Fisiologismo é luta, é defesa de interesses de outrem. Ética em oposição poderia ser tomada como renúncia. Não vejo como conciliar os dois.
É bem verdade que política, democracia e fisiologismo devem se submeter ao império da lei. Se é isso que você toma por ético, tudo bem.
Nesse caso, entretanto, o título mais apropriado para o site seria PolíticaLegalidade.
Clever Mendes de Oliveira
BH, 23/04/2009
Depois o faraó reprova os paredões dos regimes comunistas, fala mal do Fidel etc.
Senhor Clever (que nome… Se fosse comigo, corria para a justiça para trocar por surfando na jaca), acho que entendi o Pedroca Doria. O último incorruptível do povo brasileiro, detonou uma chibaba alagoana e passou a distribuir passagens para a família passear em Nova York, já que ele não pode por ter ficha suja nos EUA. Assim, O Pedroca generalizou, pois o último bastião da moralidade ruiu. Que será que o Doria anda afanando ou subornando??????
Do blogueiro paraense Juvêncio Arruda (5ª Emenda), sob o título “Encontro de Genis”:
“O blog sugere, com todo o respeito, que os parlamentares paroaras que viajaram ao exterior, ou mesmo dentro do país, usando patrimonialmente, segundo Gabeira, suas cotas de passagens, ofereçam um jantar ao colega Vic Pires Franco (DEM), sobre cujo lombo recaiu a justa e indignada grita do populacho.
Permitam-me a sugestão do local: o Porcão de Brasília, fascinante espaço de degustação de bovinos e correlatos.
O poster gostaria muito de assistir ao encontro mas, sem dinheiro para a passagem e avesso a cotas, agradeceria se algum parlamentar enviasse uma foto pelo celular. Seria publicada, com os devidos créditos.”
A bancada parlamenturista carioca bem poderia oferecer o mesmo mimo ao Gabeira. Ele fez por merecer.
O PD daria a foto no Weblog.
Eu estou esperando ser subornado pelo Dantas para receber habeas do Gilmar de lama Mendes.
Surfando na Jaca,
Um dia você chega lá. Imagino você comprando livros na Amazon e aparece “If you are Surfing on the Jack-fruit clique here” e só você poder cair lá no buraco.
Pax,
Não prestei atenção à forma como estava escrito o nome do seu site. Agora percebi: é PolíticAética.

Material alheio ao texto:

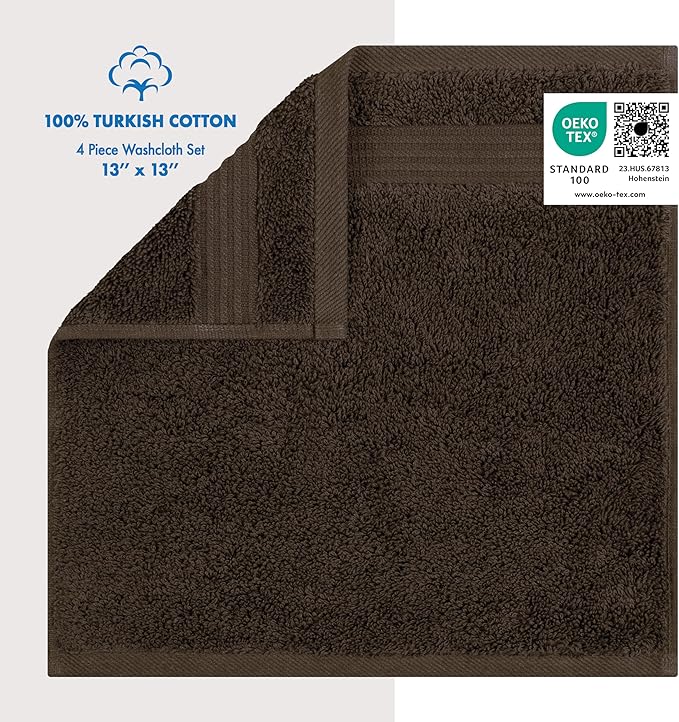Cotton Paradise 100% Cotton Turkish Washcloth Set for Bathroom, 4 Piece Soft Absorbent Small Hand Face Towels Wash Rags, Brown

Ai, no meu entendimento, você está certo. A política é sem ética. E mais, penso que estão equivocados os que querem levar a ética para a política. Com ética não haveria política. Como mencionei no email anterior a política deve ficar submetida ao princípio da legalidade. Ao que for feito fora da legalidade cabe a sanção prevista na lei. A lei é a imposição heterônoma de um comportamento. A ética deveria ser a imposição autônoma do comportamento. A ética heterônoma eu a denomino de a ética da soberbia.

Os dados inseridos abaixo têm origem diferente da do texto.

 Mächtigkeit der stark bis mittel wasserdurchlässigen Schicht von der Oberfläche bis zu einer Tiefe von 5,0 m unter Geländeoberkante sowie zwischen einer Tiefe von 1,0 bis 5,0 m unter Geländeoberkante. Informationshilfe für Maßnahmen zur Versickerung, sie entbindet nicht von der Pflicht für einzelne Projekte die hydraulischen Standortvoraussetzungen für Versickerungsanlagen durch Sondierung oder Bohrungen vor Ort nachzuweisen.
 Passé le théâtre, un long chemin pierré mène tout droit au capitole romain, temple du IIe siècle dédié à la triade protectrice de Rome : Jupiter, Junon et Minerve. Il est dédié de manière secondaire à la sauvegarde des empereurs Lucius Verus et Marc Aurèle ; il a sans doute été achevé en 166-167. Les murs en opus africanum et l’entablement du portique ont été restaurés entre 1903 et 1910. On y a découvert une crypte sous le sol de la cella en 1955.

Quando são éticos, eu sempre considerei soberbos os que proclamam uma ética para a política. Há muitos, entretanto, que não são soberbos, pois utilizam o discurso para se esconderem. Pela dificuldade de distinguir um do outro, faço ouvidos moucos a essa lenga-lenga
Clever Mendes de Oliveira
BH, 24/04/2009
Os heróis do Cazuza morriam de overdose.
Os meus de overbooking.
Deputado brasileiro clicado no momento exato em que recebia a notícia do corte de passagens aéreas para o exterior, com a família e amigos.
Pedro Dória,
Não dou muita relevância para as questões de corrupção. Creio que já escrevi aqui no seu blog que a venda da Vale do Rio Doce, que não foi corrupção, mas ato de incompetência, a desoneração da Lei Kandir, e a não aprovação da CPMF obedecendo todos os princípios orçamentários constitucionais causaram mais prejuízo que todo o histórico de corrupção no Brasil.

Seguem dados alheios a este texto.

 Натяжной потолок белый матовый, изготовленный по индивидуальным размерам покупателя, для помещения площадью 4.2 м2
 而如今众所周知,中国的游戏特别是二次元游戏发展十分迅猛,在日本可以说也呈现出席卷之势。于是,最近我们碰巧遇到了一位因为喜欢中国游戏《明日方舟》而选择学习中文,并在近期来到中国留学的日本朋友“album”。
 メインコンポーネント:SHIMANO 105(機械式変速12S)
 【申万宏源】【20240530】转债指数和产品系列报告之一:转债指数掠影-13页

Em relação ao Fernando Gabeira, vou colar aqui o comentário que enviei em 21/04/2009 às 15:18 para o blog do Luis Nassif para o texto dele intitulado “Santo Gabeira do pau oco” de 21/04/2009 às 11:35:
“Luis Nassif,
Eu tinha o Gabeira como referência. Essa referência acabou quando ele ficou contra a transposição do São Francisco. Tivesse ficado contra a construção do gasoduto que espoliava os bolivianos e devastava o ambiente por onde passava para fornecer gás a preço subsidiado para o empresariado paulista, ou ficado contra o Rodonel também por se tratar de obra que devasta o ambiente, eu admitiria que ele ficasse contra a transposição. A seletividade dele, entretanto, era de pior qualidade.
Tive certeza que ele se guiava pela vontade dos poderosos quando, após a entrevista de Severino à Folha de S. Paulo em que Severino dizia que não acreditava que tinha havido Mensalão e a Folha de S. Paulo ter deturpado a declaração de Severino em chamada de primeira página afirmando que para Severino Mensalão não existia (A Folha de S. Paulo deveria ter posto a frase completa: Ou seja, Severino não acredita que o Mensalão exista, que é bem diferente de para Severino Mensalão não existe), em vez de criticar os patrões dele por fazer mau jornalismo optou por criticar o Severino.
Bem, em relação aos gastos do Congresso com a passagem área ninguém lembra qual é a origem do problema. No governo de FHC para que os juízes e promotores não reivindicassem aumentos de salários, o salário dos deputados foi fixado bem baixo e se criou o benefício da conta própria de despesas (A única vantagem disso é que, não sendo essas despesas tributadas, os deputados não fazem muito esforço em combater a aplicação de uma alíquota mais alta de Imposto de Renda para os salários mais elevados). Trata-se de excrescência que não deveria existir e se deveria conceder ao Deputado o salário justo. A discussão, entretanto, faz-se pela via do fraude: a normatização da excrescência.”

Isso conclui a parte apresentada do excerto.